§ Dataset items:
=-=-=
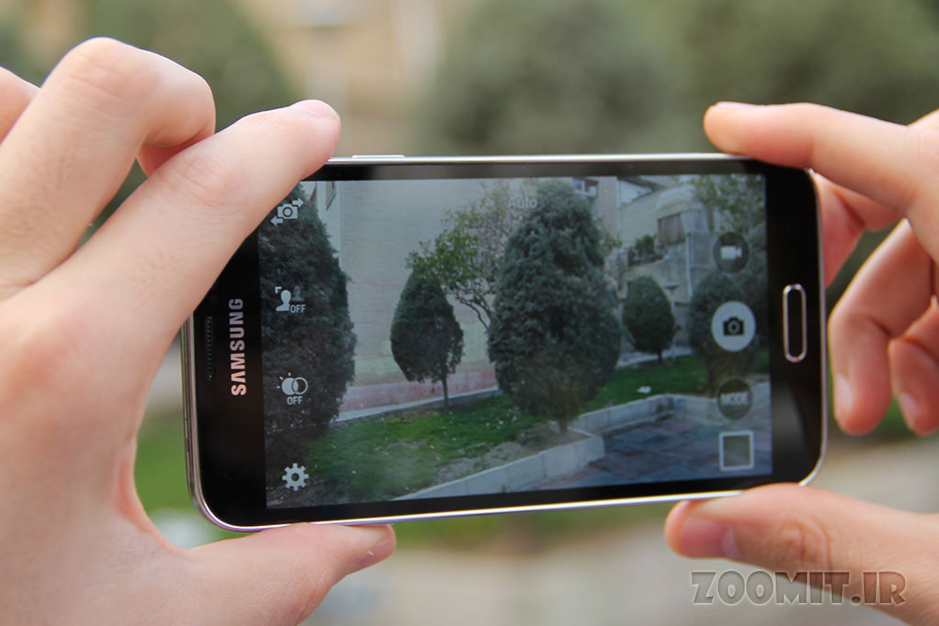 پرچمدار جدیدی سامسونگ مثل بسیاری از گوشیهای رده اول بازار، دوربین اصلی 16 مگاپیکسلی دارد که در سمت جلو، دوربین 2 مگاپیکسلی دیگری آن را همراهی میکند. در گلکسی اس 4 از حسگر ساخت سونی استفاده شده بود و نسخهی کوآلکامی یعنی I9505 از تراشهی ساخت کوآلکام بهره میبرد. این بار سامسونگ برای افزایش حاشیهی سود و باتوجهبه سیاستهای کلی خود، از حسگری بهنام ISOCELL استفاده کرده است. در مورد دوربین جلو هم حسگر توسط خود سامسونگ تولید شده است. در توضیح نحوهی عملکرد آیسوسل بهتر است به مقالهی مفصل زومیت مراجعه کنید؛ اما بهطور خلاصه میتوان آیسوسل را اینگونه توضیح داد که برای اجتناب از تداخل نوری و الکترونیکی پیکسلهای مجاور که منجر به تأثیر نور زیاد جذب شده توسط یک پیکسل، روی پیکسل مجاور میشود، از ایزولهکردن استفاده شده است. به همین دلیل نام این تکنولوژی بهصورت اختصاری آیسوسل یعنی سلول ایزوله شده گذاشته شده است. درکنار ایزولاسیون، در ساختار حسگر از چیدمان خاصی به شکل عمودی استفاده شده که سطح مفید جذب نور را افزایش میدهد.
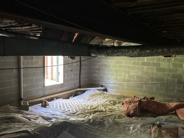 Our team transformed the space with a CleanSpace® encapsulation system (1,086 sq ft), creating a durable vapor barrier to keep moisture out. We removed old insulation and debris, then installed a SaniDry™ Sedona dehumidifier with intake and exhaust duct kits to keep humidity under control. For added convenience and safety, we included a condensate pump, new electrical outlet, and crawl space lighting with a switch. We also sealed nine vents and wrapped piers to complete the encapsulation, giving the crawl space lasting protection.
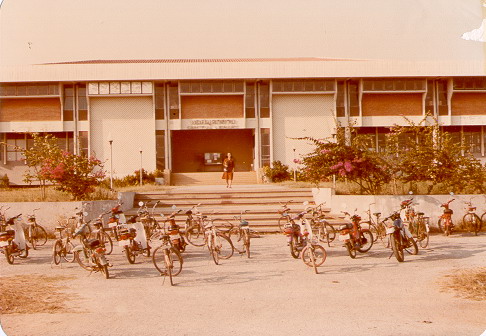 อาคารหอสมุดหลังแรก ก่อสร้างโดยใช้เงินกู้ธนาคารโลก ใช้เวลาก่อสร้าง 1 ปี พื้นที่อาคาร 2,732.92 ตารางเมตร เอกสารสิ่งพิมพ์ของห้องสมุดเน้นด้านการเกษตรและสาขาที่เกี่ยวข้อง จัดซื้อด้วยเงินกู้ธนาคารโลกเช่นกัน ในระยะแรกมีหนังสือประมาณ 7,000 เล่ม วารสารประมาณ 300 รายการ พิจารณาคัดเลือกโดย ผู้ช่วยศาสตราจารย์ดรุณา สมบูรณกุล และ Mr. R.J. Blanchard ซึ่งเป็นผู้เชี่ยวชาญและเป็นผู้อำนวยการของหอสมุดวิทยาลัยแคลิฟอร์เนีย เมืองเดวิส นอกจากนี้ยังได้แบ่งสิ่งพิมพ์ส่วนหนึ่งมาจากสำนักหอสมุด บางเขน ด้วย เมื่อเริ่มเปิดบริการมีบุคลากร 6 คน ประกอบด้วย บรรณารักษ์ 2 คน เจ้าหน้าที่ 2 คน (ยืมตัวจาก คณะวิศวกรรมศาสตร์ 1 คน) ภารโรง 2 คน และนิสิตช่วยงานห้องสมุด 5 คน มีที่นั่งอ่านหนังสือประมาณ 500 ที่นั่ง ให้บริการผู้ใช้ประมาณวันละ 400 คน
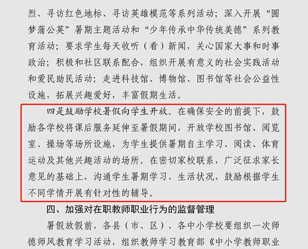 6月16日,河南省安陽市教育局提出各中小學將課后服務延伸至暑假期間。
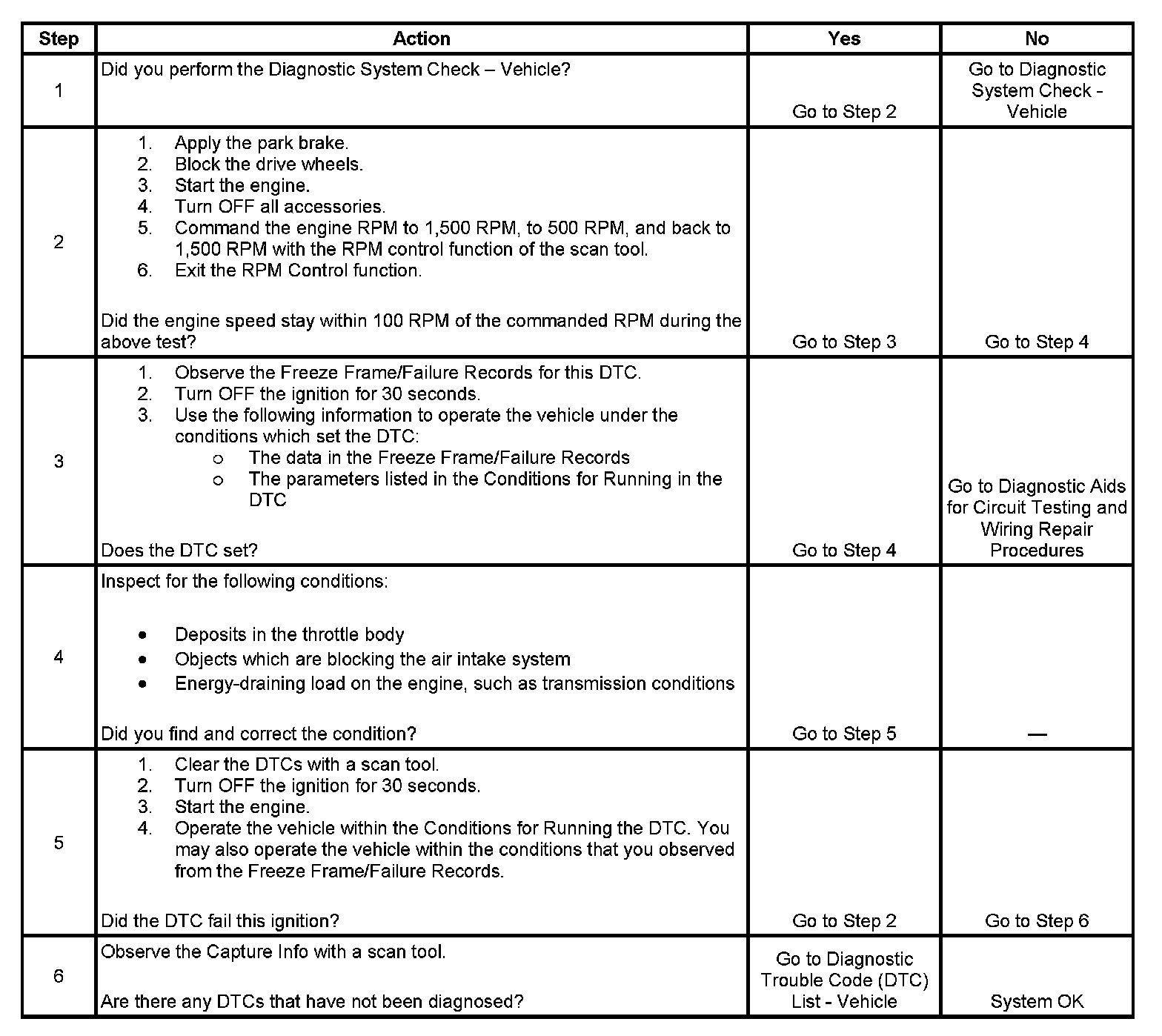 The Electronic Throttle Control (ETC) System uses various inputs from the powertrain control module (PCM). This system uses the inputs to control the idle speed through serial data circuits to the throttle actuator control (TAC) module. The DC motor, which is located on the throttle body, activates the throttle plate. In order to decrease idle speed, the TAC module commands the throttle closed, reducing air flow into the engine, and the idle speed decreases. In order to increase the idle speed, the TAC module commands the throttle plate open, allowing more air in order to bypass the throttle plate. If the actual idle RPM does not match the desired idle RPM within a calibrated time, DTC P0506 sets.
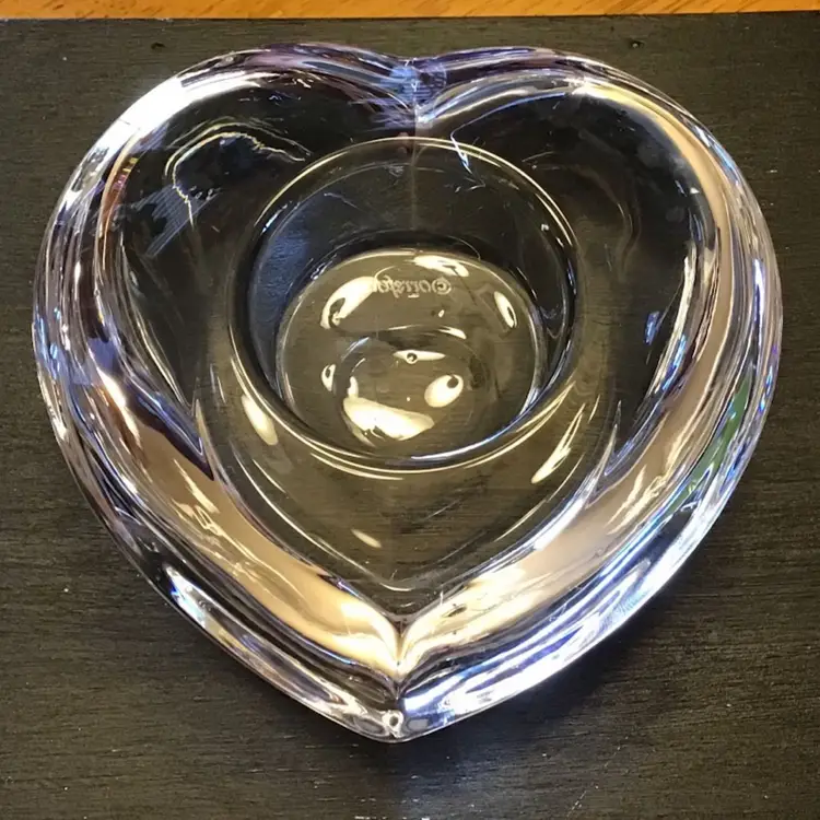 Beautiful heart tealight candle holder is in excellent condition. No chips, cracks, or, repairs. See pictures for size. See all pictures as they are an important part part of the description.
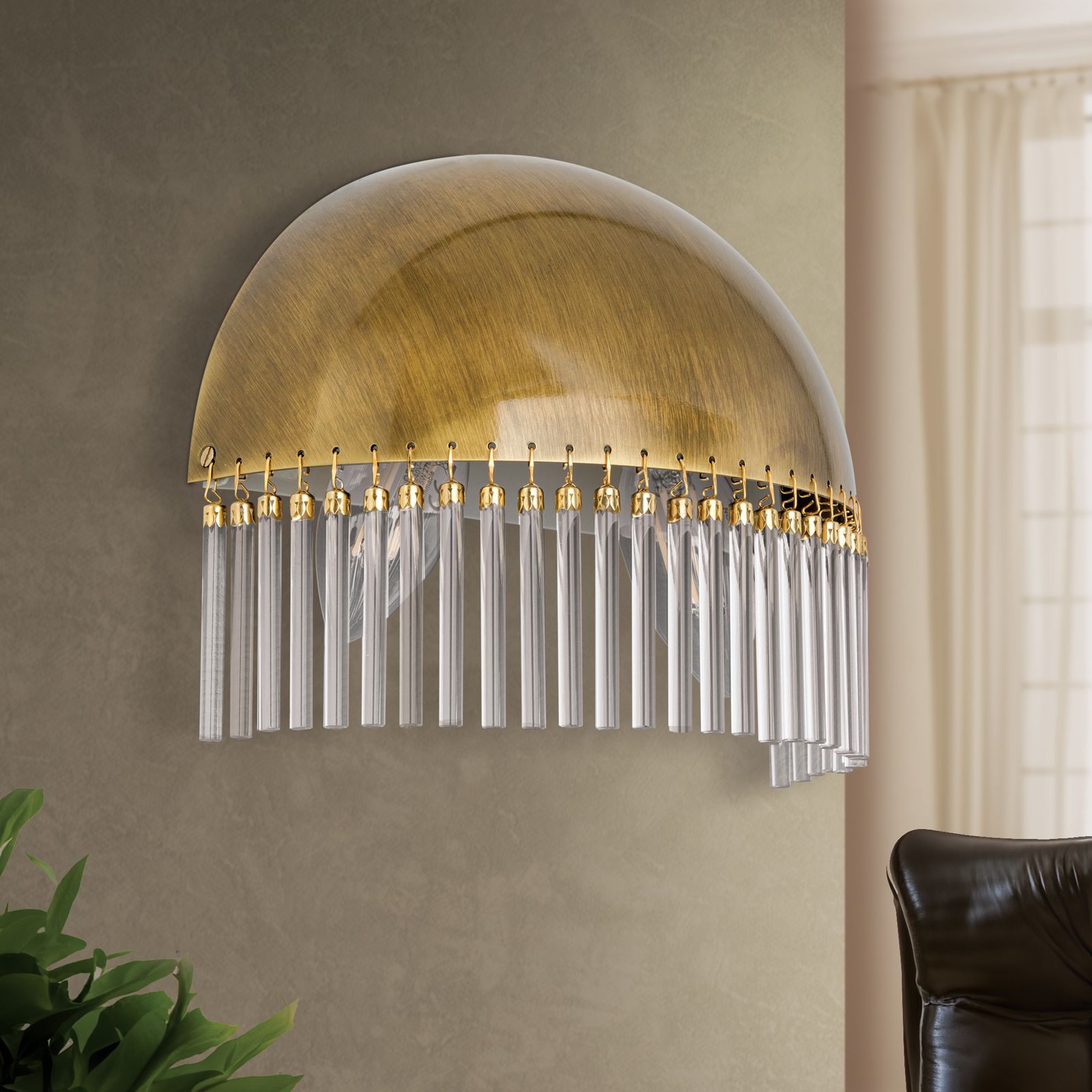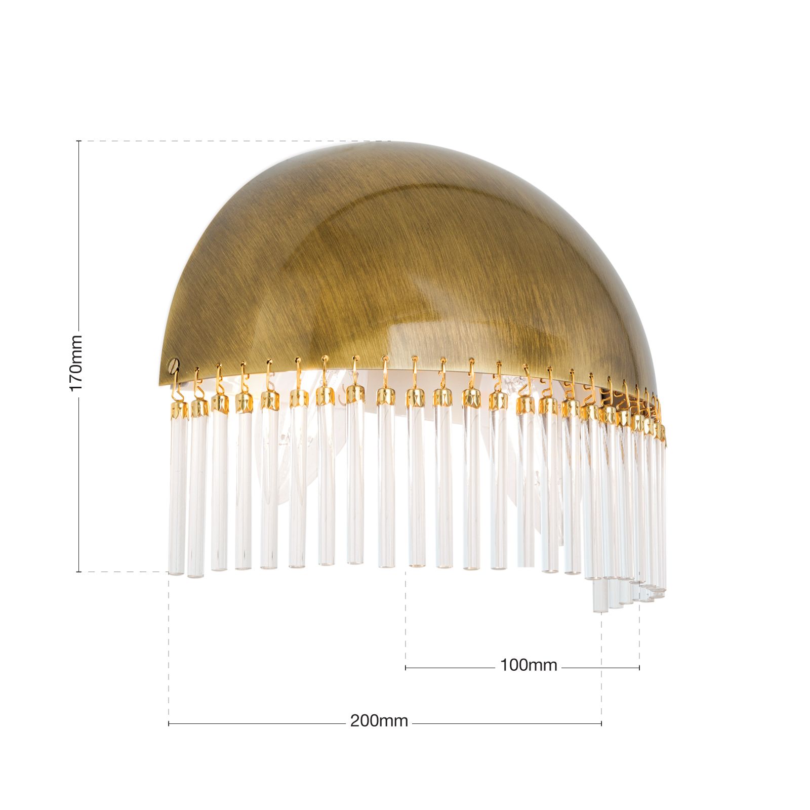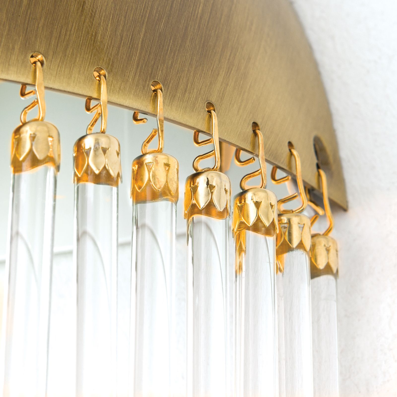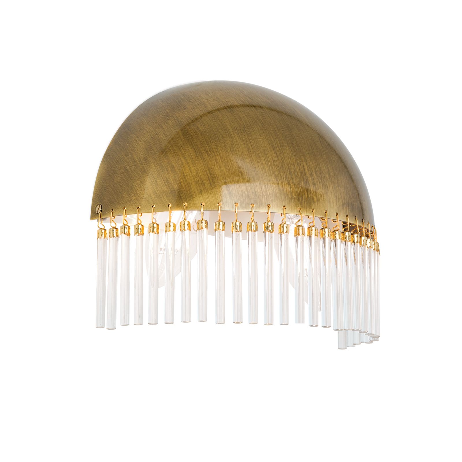 The wall light STÄBCHENSERIE impresses with its unique design with glass rods mounted on a semicircular cap. These glass elements magically catch the light and create a fascinating play of light in your room. The carefully placed glass rods provide a gentle diffusion of light and create a pleasant and atmospheric illumination.
=-=-=
In the answer, the data should reappear exactly, with no pictures.

§ Response area:
 پرچمدار جدیدی سامسونگ مثل بسیاری از گوشیهای رده اول بازار، دوربین اصلی 16 مگاپیکسلی دارد که در سمت جلو، دوربین 2 مگاپیکسلی دیگری آن را همراهی میکند. در گلکسی اس 4 از حسگر ساخت سونی استفاده شده بود و نسخهی کوآلکامی یعنی I9505 از تراشهی ساخت کوآلکام بهره میبرد. این بار سامسونگ برای افزایش حاشیهی سود و باتوجهبه سیاستهای کلی خود، از حسگری بهنام ISOCELL استفاده کرده است. در مورد دوربین جلو هم حسگر توسط خود سامسونگ تولید شده است. در توضیح نحوهی عملکرد آیسوسل بهتر است به مقالهی مفصل زومیت مراجعه کنید؛ اما بهطور خلاصه میتوان آیسوسل را اینگونه توضیح داد که برای اجتناب از تداخل نوری و الکترونیکی پیکسلهای مجاور که منجر به تأثیر نور زیاد جذب شده توسط یک پیکسل، روی پیکسل مجاور میشود، از ایزولهکردن استفاده شده است. به همین دلیل نام این تکنولوژی بهصورت اختصاری آیسوسل یعنی سلول ایزوله شده گذاشته شده است. درکنار ایزولاسیون، در ساختار حسگر از چیدمان خاصی به شکل عمودی استفاده شده که سطح مفید جذب نور را افزایش میدهد.
 Our team transformed the space with a CleanSpace® encapsulation system (1,086 sq ft), creating a durable vapor barrier to keep moisture out. We removed old insulation and debris, then installed a SaniDry™ Sedona dehumidifier with intake and exhaust duct kits to keep humidity under control. For added convenience and safety, we included a condensate pump, new electrical outlet, and crawl space lighting with a switch. We also sealed nine vents and wrapped piers to complete the encapsulation, giving the crawl space lasting protection.
 อาคารหอสมุดหลังแรก ก่อสร้างโดยใช้เงินกู้ธนาคารโลก ใช้เวลาก่อสร้าง 1 ปี พื้นที่อาคาร 2,732.92 ตารางเมตร เอกสารสิ่งพิมพ์ของห้องสมุดเน้นด้านการเกษตรและสาขาที่เกี่ยวข้อง จัดซื้อด้วยเงินกู้ธนาคารโลกเช่นกัน ในระยะแรกมีหนังสือประมาณ 7,000 เล่ม วารสารประมาณ 300 รายการ พิจารณาคัดเลือกโดย ผู้ช่วยศาสตราจารย์ดรุณา สมบูรณกุล และ Mr. R.J. Blanchard ซึ่งเป็นผู้เชี่ยวชาญและเป็นผู้อำนวยการของหอสมุดวิทยาลัยแคลิฟอร์เนีย เมืองเดวิส นอกจากนี้ยังได้แบ่งสิ่งพิมพ์ส่วนหนึ่งมาจากสำนักหอสมุด บางเขน ด้วย เมื่อเริ่มเปิดบริการมีบุคลากร 6 คน ประกอบด้วย บรรณารักษ์ 2 คน เจ้าหน้าที่ 2 คน (ยืมตัวจาก คณะวิศวกรรมศาสตร์ 1 คน) ภารโรง 2 คน และนิสิตช่วยงานห้องสมุด 5 คน มีที่นั่งอ่านหนังสือประมาณ 500 ที่นั่ง ให้บริการผู้ใช้ประมาณวันละ 400 คน
 6月16日,河南省安陽市教育局提出各中小學將課后服務延伸至暑假期間。
 The Electronic Throttle Control (ETC) System uses various inputs from the powertrain control module (PCM). This system uses the inputs to control the idle speed through serial data circuits to the throttle actuator control (TAC) module. The DC motor, which is located on the throttle body, activates the throttle plate. In order to decrease idle speed, the TAC module commands the throttle closed, reducing air flow into the engine, and the idle speed decreases. In order to increase the idle speed, the TAC module commands the throttle plate open, allowing more air in order to bypass the throttle plate. If the actual idle RPM does not match the desired idle RPM within a calibrated time, DTC P0506 sets.
 Beautiful heart tealight candle holder is in excellent condition. No chips, cracks, or, repairs. See pictures for size. See all pictures as they are an important part part of the description.
 The wall light STÄBCHENSERIE impresses with its unique design with glass rods mounted on a semicircular cap. These glass elements magically catch the light and create a fascinating play of light in your room. The carefully placed glass rods provide a gentle diffusion of light and create a pleasant and atmospheric illumination.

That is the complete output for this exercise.